Se estudió la evolución temporal de algunas características dinámicas y termodinámicas de la tropósfera desde tres días antes de la ocurrencia (t=-3) del evento frío o cálido hasta dos días (t=+2) después del mismo. El análisis se realizó a partir de las anomalías de las variables AG, t, HR y θae en los niveles estándares de presión y de algunas variables de superficie. Para ello se calcularon los promedios diarios de cada variable entre los días t= -3 y t=2 para ambos eventos, y luego se les restó los promedios estacionales de cada variable, obteniendo de este modo las anomalías.

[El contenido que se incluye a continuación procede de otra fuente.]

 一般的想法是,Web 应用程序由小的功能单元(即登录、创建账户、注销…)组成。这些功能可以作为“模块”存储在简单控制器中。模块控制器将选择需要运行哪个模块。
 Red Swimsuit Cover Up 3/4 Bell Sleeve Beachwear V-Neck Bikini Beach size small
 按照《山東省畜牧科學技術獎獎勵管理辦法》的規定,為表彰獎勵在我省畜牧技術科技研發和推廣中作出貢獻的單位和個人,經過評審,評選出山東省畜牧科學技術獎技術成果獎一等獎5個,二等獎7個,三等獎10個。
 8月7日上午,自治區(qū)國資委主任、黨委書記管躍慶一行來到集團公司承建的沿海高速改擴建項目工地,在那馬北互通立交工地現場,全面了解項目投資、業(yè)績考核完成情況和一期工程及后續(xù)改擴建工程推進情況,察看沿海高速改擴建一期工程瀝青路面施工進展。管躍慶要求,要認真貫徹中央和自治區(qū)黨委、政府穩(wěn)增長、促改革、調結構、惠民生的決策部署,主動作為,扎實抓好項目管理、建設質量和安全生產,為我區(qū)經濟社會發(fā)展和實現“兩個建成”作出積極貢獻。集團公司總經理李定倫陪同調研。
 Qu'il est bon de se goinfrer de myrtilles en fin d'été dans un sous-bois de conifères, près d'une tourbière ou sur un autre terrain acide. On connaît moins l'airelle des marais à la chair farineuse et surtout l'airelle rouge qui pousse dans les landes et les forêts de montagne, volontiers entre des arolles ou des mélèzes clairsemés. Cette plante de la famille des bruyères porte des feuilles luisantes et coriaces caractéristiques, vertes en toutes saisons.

En particular, las anomalías de altura geopotencial fueron estandarizadas, debido a que las mismas difieren en un orden de magnitud entre 1000 y 100 hPa.

3. RESULTADOS

3.1. θae en los extremos de la distribución

Para el conjunto de inviernos comprendidos en el período 1959/1991 se identificaron los valores extremos del primer y último quintil de la distribución de θae en 850 hPa. en cada una de las estaciones.

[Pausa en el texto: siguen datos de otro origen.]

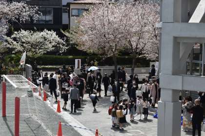 77名の新1年生が太子堂小学校に入学しました。入学式を終えて、暖かな日差しに包まれながら、晴れ晴れとした表情で記念撮影をしている姿が印象的でした。新1年生の保護者の皆様、お子様のご入学、おめでとうございます。保護者・地域の皆様、太子堂小学校に入学しました1年生をどうぞよろしくお願いいたします。
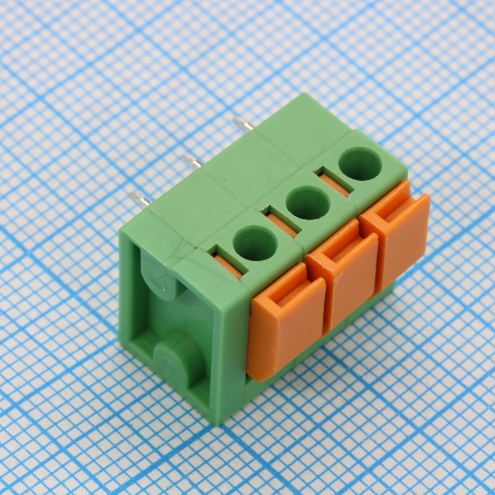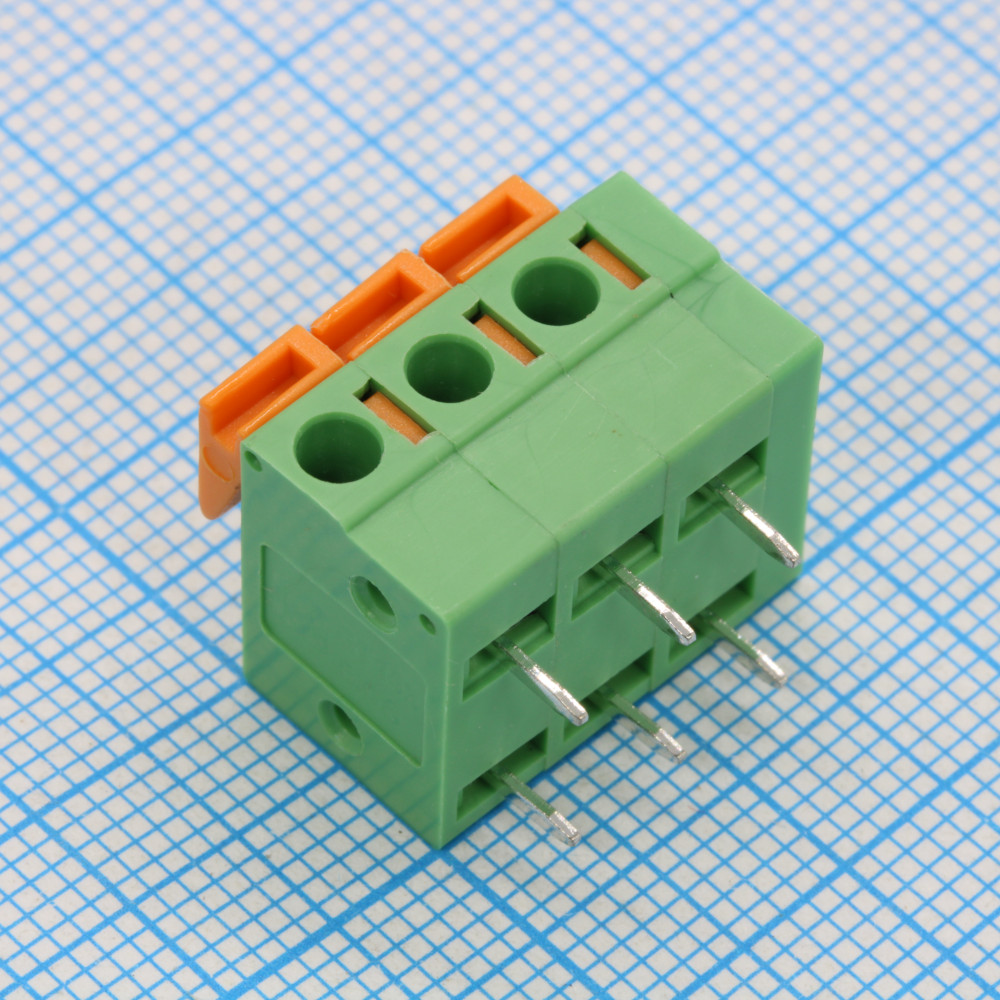 Нажимной безвинтовой клеммный блок 3 контакта. Зажим типа торцевой контакт. Серия DG142R-5.08
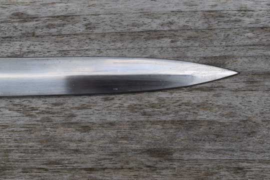 Excellent black leather scabbard with a serial number on the frog stud: 328 over E-M and /I\. No dents to the bright finished fittings. All stitches intact.
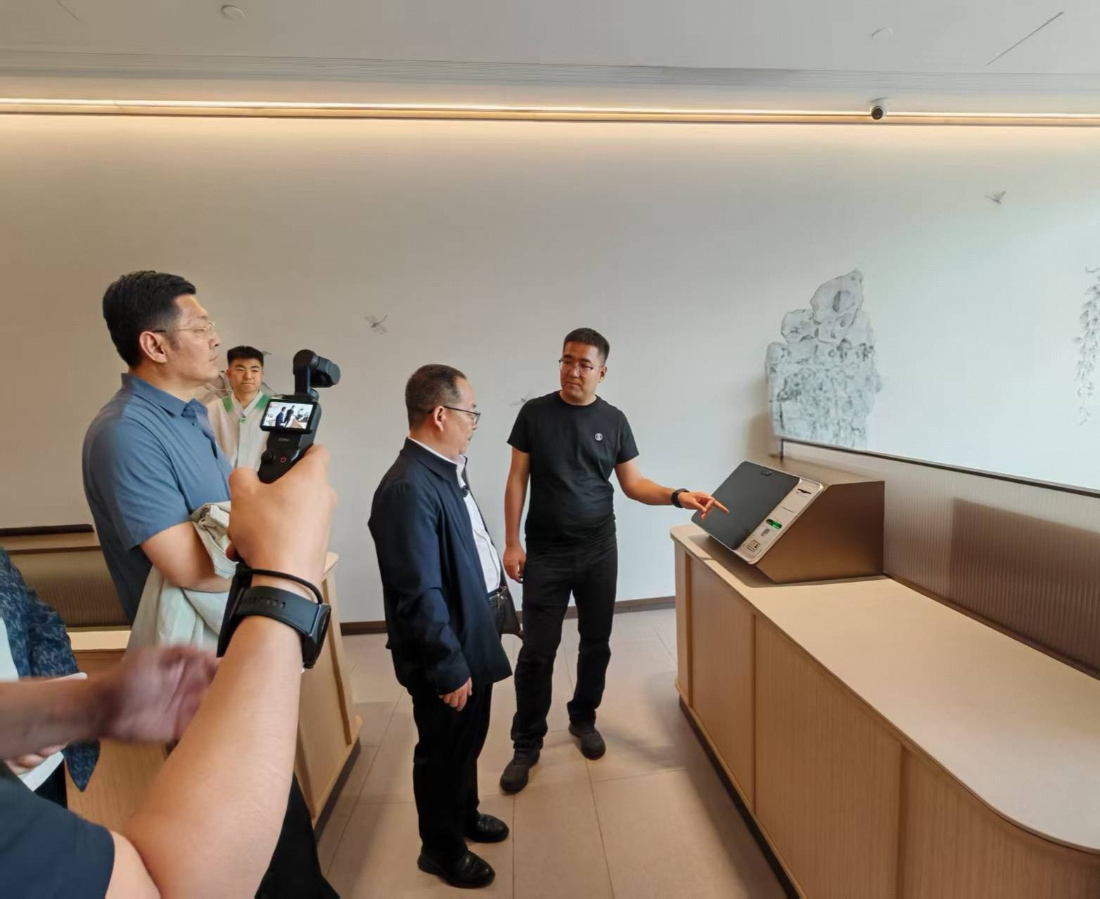 在张贵忠的陪同下,学院一行实地体验了融汇中华传统文化元素的数字化服务场景与智能客房。在酒店前台,参观了客人最快10秒自助办理入住服务的最新智能入住系统,不仅彻底解决了入住高峰时期的排队现象,还能通过自助办理实现精准选房、同住人添加等服务,感受到了人工智能对酒店行业的影响。从客房的墙面装饰到灯具的选择、房间设计布局,每一个角落和细节包括公共服务区域等都经过精心设计,融入了大量中国元素,营造出浓厚的中华文化氛围,使客人在住宿过程中感受到中国传统文化的独特魅力。
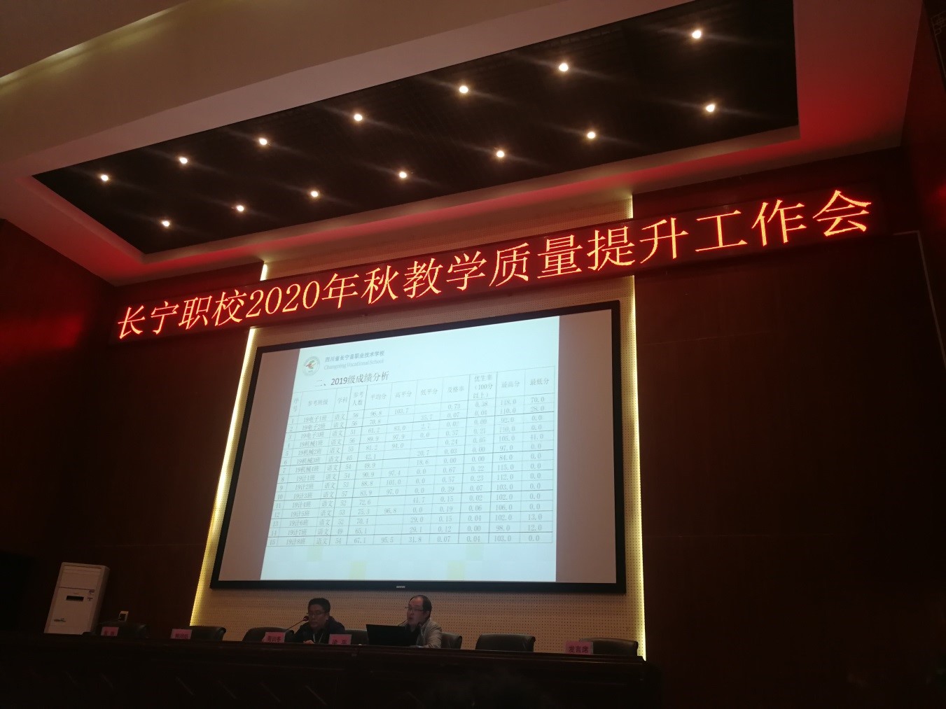 首先,教务处主任梁平对2020年秋期第一次月考成绩做了全面数据分析说明。梁主任参照宜宾市成绩分析的各项指标,详述了高二年级各班语数外成绩的平均分、高平分、低平分、优生率、及格率、最高分、最低分等情况,并说明了这些指标的计算方法,同时对比了各科最优与最差的班级成绩情况。
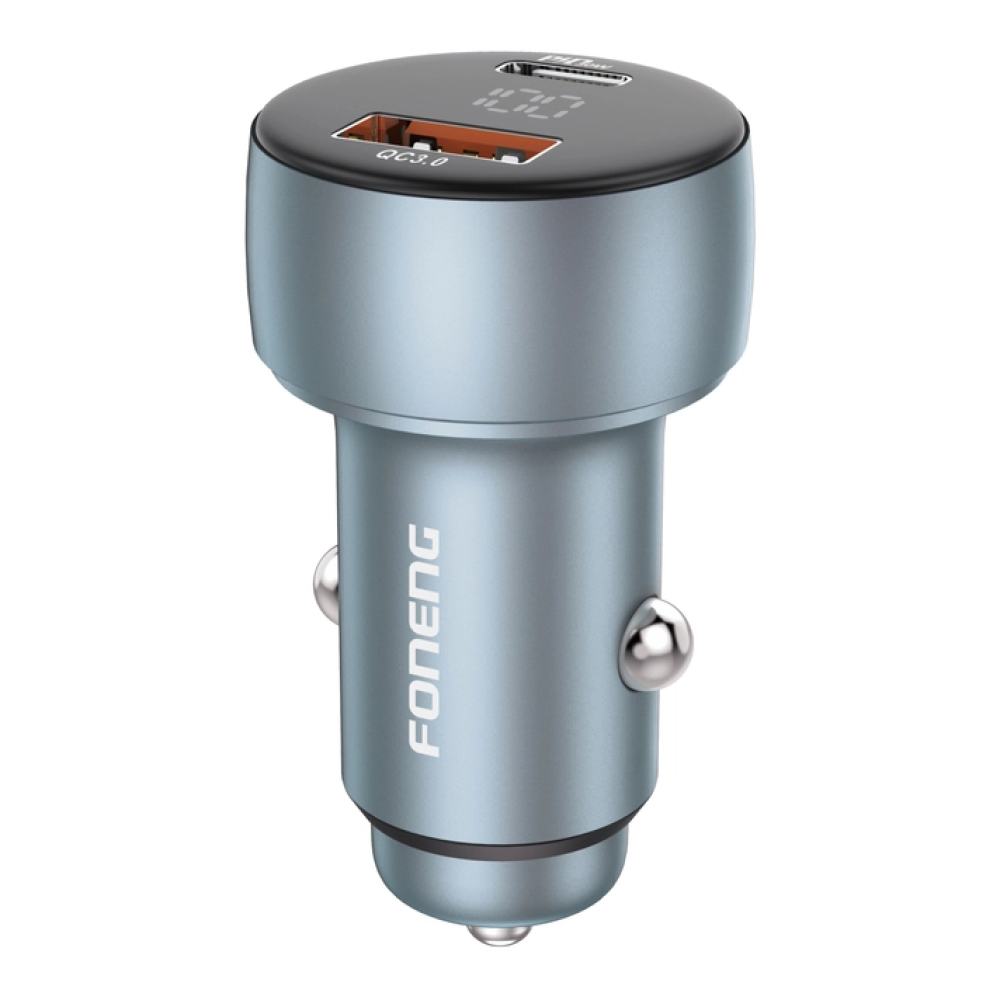 Prodotto CompatibileCaricabatteria da auto 2 porte USB e Type-C FONENG C18 48W PD QC 3.0 silver.

La Tabla I muestra los límites de estos intervalos para las distintas estaciones. En ella puede observarse una disminución latitudinal de I y S, más marcada para este último. Esto se debe a que la circulación asociada a las masas de aire extremas cálidas en el centro y norte del país tendría su origen en la entrada de aire cálido y húmedo proveniente del noreste, en cambio las masas de aire extremas cálidas del sur del país estarían asociadas a la circulación de los oestes, masas de aire que difícilmente lleguen a valores de θae correspondientes a las del norte del país.

Tabla I: Valores mínimo, máximo, del primer quintil (I) y del último quintil (S) de las distribuciones de θae en 850 hPa. en invierno, expresados en ºK.

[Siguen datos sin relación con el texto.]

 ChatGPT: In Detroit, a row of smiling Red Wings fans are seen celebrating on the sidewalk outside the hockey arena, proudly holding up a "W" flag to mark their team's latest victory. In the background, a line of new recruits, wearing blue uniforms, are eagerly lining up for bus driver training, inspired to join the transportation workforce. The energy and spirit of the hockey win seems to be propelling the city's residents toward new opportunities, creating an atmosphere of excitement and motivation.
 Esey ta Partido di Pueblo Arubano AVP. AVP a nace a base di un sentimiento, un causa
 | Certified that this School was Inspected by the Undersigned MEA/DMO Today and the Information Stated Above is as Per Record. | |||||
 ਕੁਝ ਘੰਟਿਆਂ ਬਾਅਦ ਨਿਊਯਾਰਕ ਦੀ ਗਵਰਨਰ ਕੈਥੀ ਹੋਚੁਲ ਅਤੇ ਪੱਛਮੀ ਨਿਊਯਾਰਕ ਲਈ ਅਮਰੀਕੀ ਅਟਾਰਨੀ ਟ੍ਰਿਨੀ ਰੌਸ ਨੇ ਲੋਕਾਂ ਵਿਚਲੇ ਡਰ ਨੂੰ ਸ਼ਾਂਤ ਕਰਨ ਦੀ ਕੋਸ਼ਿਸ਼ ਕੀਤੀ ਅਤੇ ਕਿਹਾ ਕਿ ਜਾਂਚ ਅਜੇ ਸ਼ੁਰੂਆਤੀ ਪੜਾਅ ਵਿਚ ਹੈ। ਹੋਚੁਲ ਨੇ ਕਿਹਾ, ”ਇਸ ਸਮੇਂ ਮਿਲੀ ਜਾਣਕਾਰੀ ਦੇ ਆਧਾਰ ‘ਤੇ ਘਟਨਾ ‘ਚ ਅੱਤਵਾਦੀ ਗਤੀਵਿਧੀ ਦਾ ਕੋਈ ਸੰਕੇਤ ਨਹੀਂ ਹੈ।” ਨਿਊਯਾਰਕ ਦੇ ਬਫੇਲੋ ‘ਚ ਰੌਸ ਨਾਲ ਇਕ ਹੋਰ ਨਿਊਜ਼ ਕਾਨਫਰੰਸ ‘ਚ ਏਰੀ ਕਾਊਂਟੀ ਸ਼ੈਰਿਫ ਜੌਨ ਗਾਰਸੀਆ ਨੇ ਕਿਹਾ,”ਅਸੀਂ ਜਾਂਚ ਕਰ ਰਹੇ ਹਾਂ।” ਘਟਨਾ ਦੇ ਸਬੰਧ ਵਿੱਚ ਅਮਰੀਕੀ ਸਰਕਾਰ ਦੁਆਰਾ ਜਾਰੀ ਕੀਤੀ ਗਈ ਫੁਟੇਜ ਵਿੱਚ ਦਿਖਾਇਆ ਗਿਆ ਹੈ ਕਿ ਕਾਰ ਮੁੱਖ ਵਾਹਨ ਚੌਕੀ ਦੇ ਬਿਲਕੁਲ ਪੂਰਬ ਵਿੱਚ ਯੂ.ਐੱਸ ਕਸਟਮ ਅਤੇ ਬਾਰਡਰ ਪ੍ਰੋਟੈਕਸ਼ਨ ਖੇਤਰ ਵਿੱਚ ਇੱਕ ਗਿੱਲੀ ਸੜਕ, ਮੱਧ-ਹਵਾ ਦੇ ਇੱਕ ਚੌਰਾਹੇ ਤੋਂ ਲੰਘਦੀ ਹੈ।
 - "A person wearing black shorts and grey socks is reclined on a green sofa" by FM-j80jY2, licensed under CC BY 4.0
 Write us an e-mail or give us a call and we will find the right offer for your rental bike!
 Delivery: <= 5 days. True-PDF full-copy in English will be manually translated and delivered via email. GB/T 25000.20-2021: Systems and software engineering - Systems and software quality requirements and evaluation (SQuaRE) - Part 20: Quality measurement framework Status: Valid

3.2. Variables en superficie en los extremos de la distribución

Para cada uno de los eventos (frío y cálido) en los intervalos (I) y (S) para invierno se calcularon los valores medios de las variables (p8, t8, e8, td8, t14, e14, tmed, tmax, tmin) en superficie. La Tabla II muestra los valores así obtenidos y los valores medios totales correspondientes.

Tabla II: Valores medios de la hora 8 correspondientes a presión atmosférica (p8) temperatura (t8), tensión de vapor (e8) y punto de rocío (td8); los valores medios de la hora 14 de temperatura (t14) y tensión de vapor (e14); la temperatura media diaria (tmed), la temperatura máxima media diaria (tmáx) y temperatura mínima media diaria (tmín) correspondientes a eventos fríos (F) y cálidos (C), en invierno (I).

Se observa que los promedios de todas las variables correspondientes a los eventos fríos son menores a los valores medios estacionales climáticos de dichas variables. De igual modo los promedios de los eventos cálidos superan a los valores medios climáticos. Cabe destacarse que el comportamiento de p8 es inverso a lo explicado anteriormente. Además para cada variable de superficie los promedios correspondientes a eventos fríos y cálidos, difieren significativamente entre sí al 5%, al aplicar el test "t de Student de significancia de medias de muestras independientes con varianzas distintas" (Cappelletti 1972).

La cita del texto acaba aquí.